By nearly any rational measure, your department is an utter failure. The FAA’s employees continually and repeatedly give the agency incredibly low scores in areas of honesty and openness. These scores and feelings have been displayed in the agency’s own (now-dead) employee attitude surveys, in OPM surveys, and on a growing number of blogs like this one, with hundreds of posts and thousands of comments.
Your editorials have obviously shifted from being pro-control and pro-strong-leadership towards collaboration and cooperation since Obama got elected. It’s about as transparent as the Beatles wrote (albeit in a song about love gone bad):
I’m looking through you, where did you go
I thought I knew you, what did I know
You don’t look different, but you have changed
I’m looking through you, you’re not the sameYour lips are moving, I cannot hear
Your voice is soothing, but the words aren’t clear
You don’t sound different, I’ve learned the game.

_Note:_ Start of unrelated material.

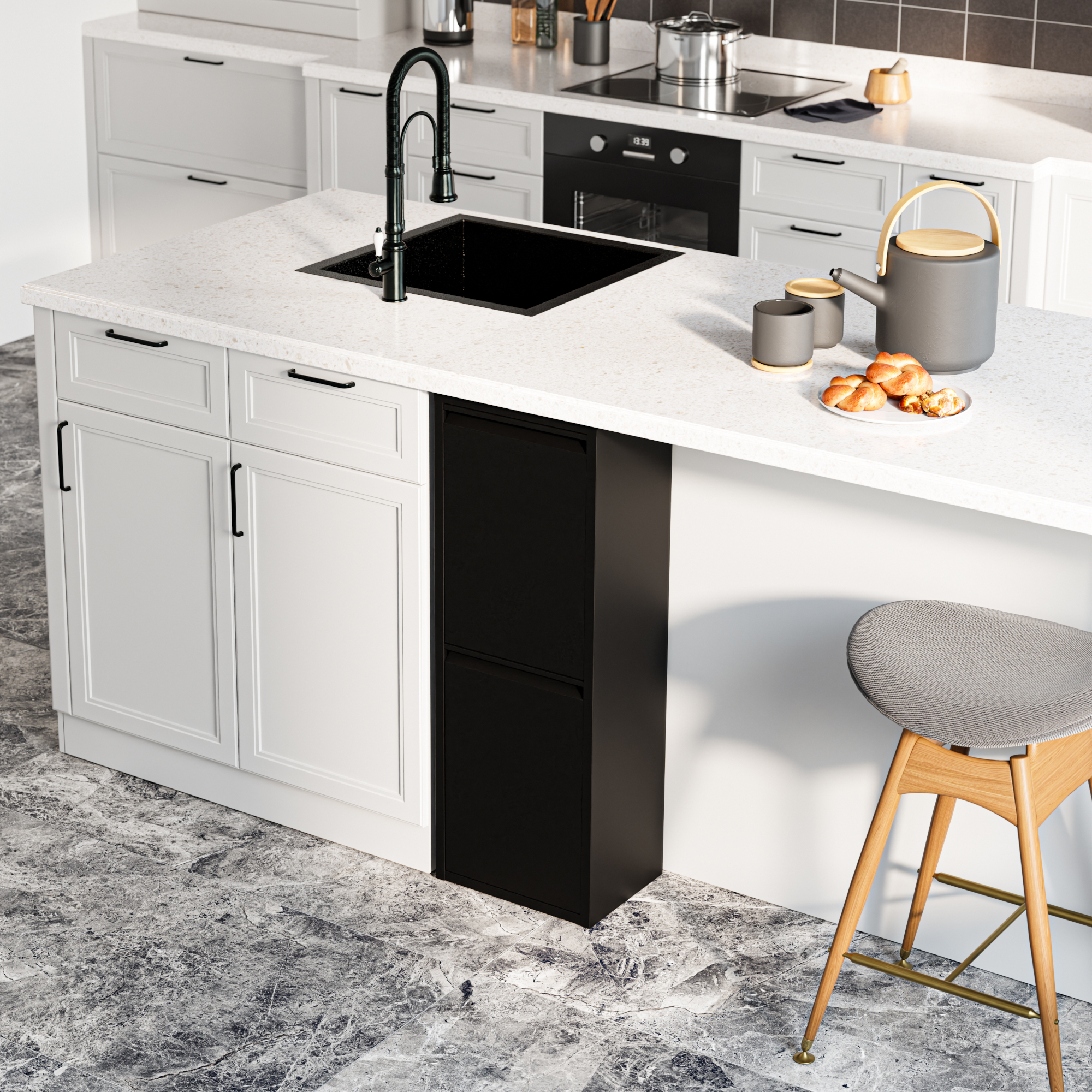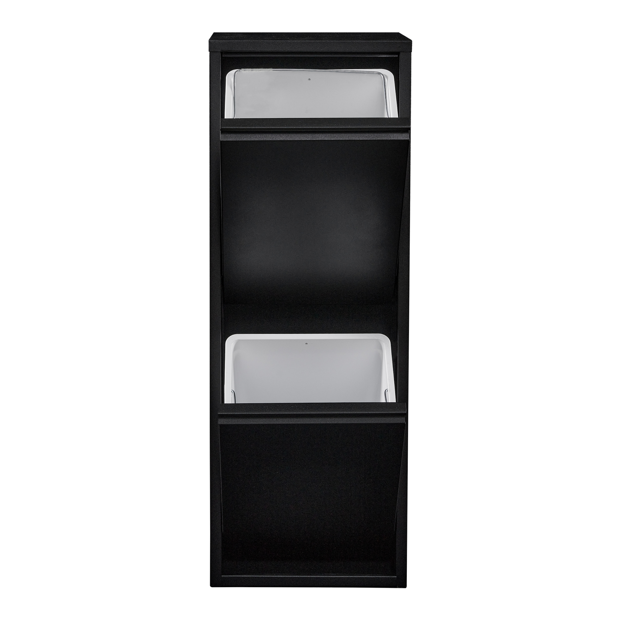 Acest dulap reciclare este ideal pentru sortarea deseurilor menajere, reciclabile sau compostabile in locuinte, apartamente si bucatarii cu spatiu limitat. Compartimentele rabatabile se deschid separat, pentru acces facil si organizare mai buna.

I’m looking through you, you’re not the same
You’re transparent, Jerry. You lecture us on how we need to be the change we want to see (which is a pretty Buddhist concept, actually) but you haven’t actually done anything that you profess to be needed. Your rhetoric changes with the breeze and with the perceptions of the people who are your bosses.
You tell us to lay down the pitchforks, but you don’t apologize for your own part in the mess. You tell us how we MUST change things, and say that you were part of the problem, but you don’t actually say what you did or step up to take responsibility.
It’s time for you to go. Leave us, and let us move onward. Let us build a new FAA that actually has open communications with honesty being sent both ways along the organizational chart. Let us accept the newer communication methods like blogging or tweeting or email or online forums or texting, and let us integrate them into the internal conversations that the agency needs.
Let us move on without the leaders who have failed so badly, so repeatedly over the past several years. Own up to it, Jerry. It’s time for you to go. And take Gibson and DuCharme and Day and Johnson with you, would you please? Thanks.